In this step, you learn how to assign managed policies to the permission sets that you created in step 1.

Attach policies to the EC2-S3-FullAccess permission set

Run the following command to attach the amazonec2fullacess AWS managed policy to the EC2-S3-FullAccess permission set, as shown in Figure 7.

aws sso-admin attach-managed-policy-to-permission-set --instance-arn '<Instance ARN>' --permission-set-arn '<Permission Set ARN>' --managed-policy-arn 'arn:aws:iam::aws:policy/amazonec2fullaccess'
Figure 7: Attaching the AWS managed policy amazonec2fullaccess to the EC2-S3-FullAccess permission set

Figure 7: Attaching the AWS managed policy amazonec2fullaccess to the EC2-S3-FullAccess permission set

Run the following command to attach the amazons3fullaccess AWS managed policy to the EC2-S3-FullAccess permission set, as shown in Figure 8.

aws sso-admin attach-managed-policy-to-permission-set --instance-arn '<Instance ARN>' --permission-set-arn '<Permission Set ARN>' --managed-policy-arn 'arn:aws:iam::aws:policy/amazons3fullaccess'
Figure 8: Attaching the AWS managed policy amazons3fullaccess to the EC2-S3-FullAccess permission set

Figure 8: Attaching the AWS managed policy amazons3fullaccess to the EC2-S3-FullAccess permission set

Attach a policy to the AuditAccess permission set

Run the following command to attach the SecurityAudit managed policy to the AuditAccess permission set that you created earlier, as shown in Figure 9.

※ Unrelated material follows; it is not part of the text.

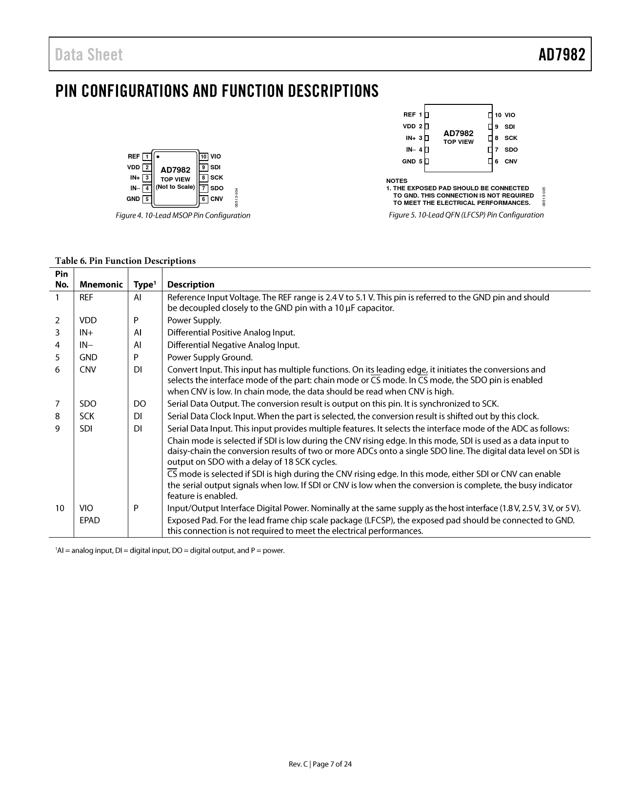 REF 110 VIOVDD 29SDIAD7982IN+ 38SCKTOP VIEWIN– 47SDOREF110 VIOGND 56CNVVDD29SDIAD7982IN+38SCKTOP VIEWNOTESIN– 4(Not to Scale)7SDO 4 5 1. THE EXPOSED PAD SHOULD BE CONNECTED 0 0 0 0 - - TO GND. THIS CONNECTION IS NOT REQUIRED 3 GND 3 56CNV 1 1 5 5 6 6 TO MEET THE ELECTRICAL PERFORMANCES. 0 0 Document Outline Features Applications Application Diagram Example General Description Table of Contents Revision History Specifications Timing Specifications Absolute Maximum Ratings ESD Caution Pin Configurations and Function Descriptions Terminology Typical Performance Characteristics Theory of Operation Circuit Information Converter Operation Transfer Functions Typical Connection Diagram Analog Inputs Driver Amplifier Choice Single-to-Differential Driver Voltage Reference Input Power Supply Digital Interface CS Mode, 3-Wire Without Busy Indicator CS Mode, 3-Wire with Busy Indicator CS Mode, 4-Wire Without Busy Indicator CS Mode, 4-Wire with Busy Indicator Chain Mode Without Busy Indicator Chain Mode with Busy Indicator Application Hints Layout Evaluating AD7982 Performance Outline Dimensions Ordering Guide

aws sso-admin attach-managed-policy-to-permission-set --instance-arn '<Instance ARN>' --permission-set-arn '<Permission Set ARN>' --managed-policy-arn 'arn:aws:iam::aws:policy/SecurityAudit'
Figure 9: Attaching the AWS managed policy SecurityAudit to the AuditAccess permission set

Figure 9: Attaching the AWS managed policy SecurityAudit to the AuditAccess permission set

Attach a policy to the PowerUserAccess permission set

The following command is similar to the previous command; it attaches the PowerUserAccess managed policy to the PowerUserAccess permission set, as shown in Figure 10.

aws sso-admin attach-managed-policy-to-permission-set --instance-arn '<Instance ARN>' --permission-set-arn '<Permission Set ARN>' --managed-policy-arn 'arn:aws:iam::aws:policy/PowerUserAccess'
Figure 10: Attaching AWS managed policy PowerUserAccess to the PowerUserAccess permission set

Figure 10: Attaching AWS managed policy PowerUserAccess to the PowerUserAccess permission set

In the next step, you assign users (Frank Infosec and Alice Developer) to their respective permission sets and assign permission sets to accounts.

Step 3: Assign permission sets to users and groups and grant access to AWS accounts

In this step, you assign the AWS SSO permission sets you created to users and groups and AWS accounts, to grant the required access for these users and groups on respective AWS accounts.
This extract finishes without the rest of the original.